> [PROBLEM TO SOLVE]: I need every line from the start of the material below up to and including the line containing "The fabric is", restated exactly, with the pictures omitted.

> [DATA EXCERPT]:
┌──

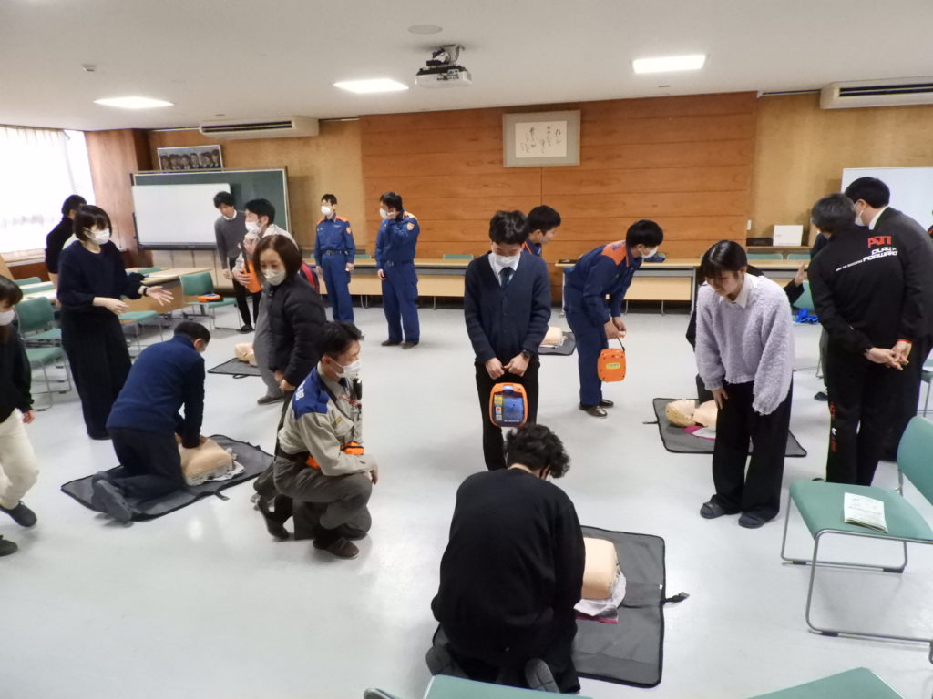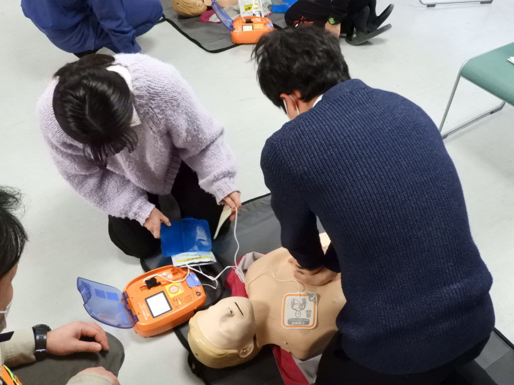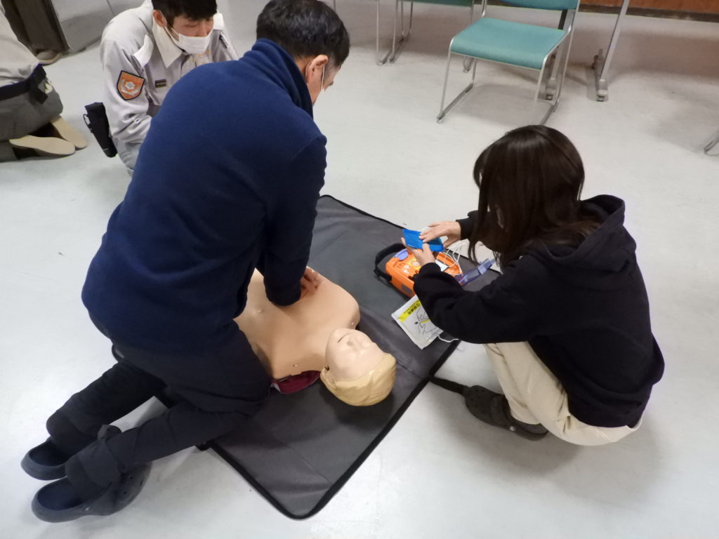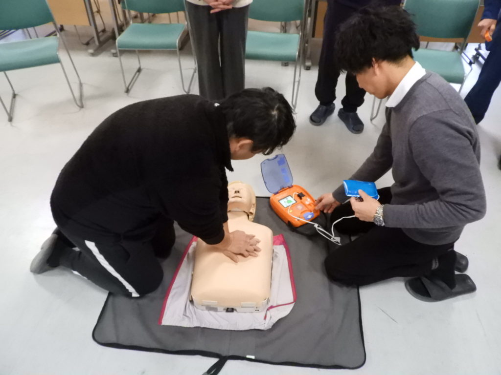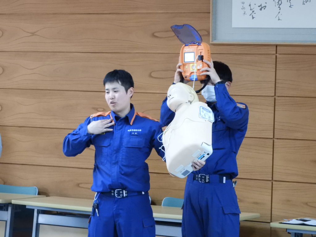 消防署の方に来ていただき、心肺蘇生法とAEDの使い方についての講習がありました。
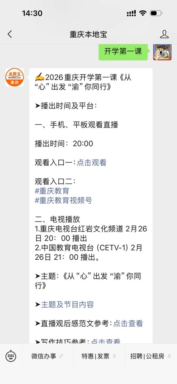 温馨提示:微信搜索公众号【重庆本地宝】,关注后在对话框回复【第一课】可获2026开学第一课《从“心”出发 “渝”你同行》直播时间,完整视频回放入口(手机+电脑),节目内容、观后感范文+写作技巧。
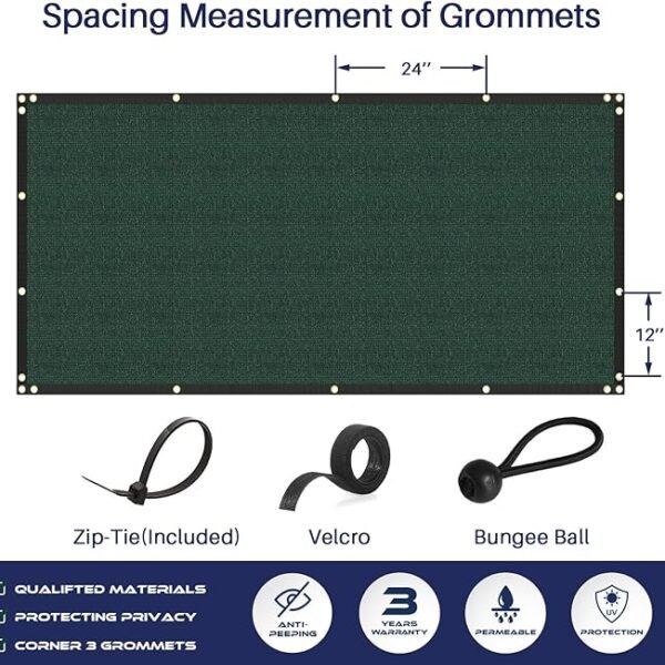 The fabric is tightly woven yet breathable, designed to resist tearing, stretching, and weather exposure. Reinforced stitched edges and brass grommets on the border make installation simple: just unroll the mesh and fasten it to your existing fence or railing with zip-ties or ropes (often included). Amazon+1
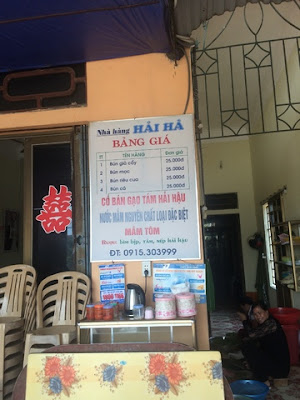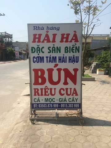 Vì có nghe người dân ở đây bảo Hải Thịnh chặt chém lắm, 1 bữa ăn có thể 5 triệu/6 người. 1 con cua giá 1 triệu. Thế là mình chỉ phóng xe dọc bờ biển, thỉnh thoảng dừng lại chụp vài kiểu ảnh, chứ mình không rẽ vào bất kỳ quán nào dọc đó ăn cả. Sau đó mình đi khoảng 500m ra phía đường lớn để tìm xem có quán nào ăn được không.

└──

> [OUTPUT]:
 消防署の方に来ていただき、心肺蘇生法とAEDの使い方についての講習がありました。
 温馨提示:微信搜索公众号【重庆本地宝】,关注后在对话框回复【第一课】可获2026开学第一课《从“心”出发 “渝”你同行》直播时间,完整视频回放入口(手机+电脑),节目内容、观后感范文+写作技巧。
 The fabric is tightly woven yet breathable, designed to resist tearing, stretching, and weather exposure. Reinforced stitched edges and brass grommets on the border make installation simple: just unroll the mesh and fasten it to your existing fence or railing with zip-ties or ropes (often included). Amazon+1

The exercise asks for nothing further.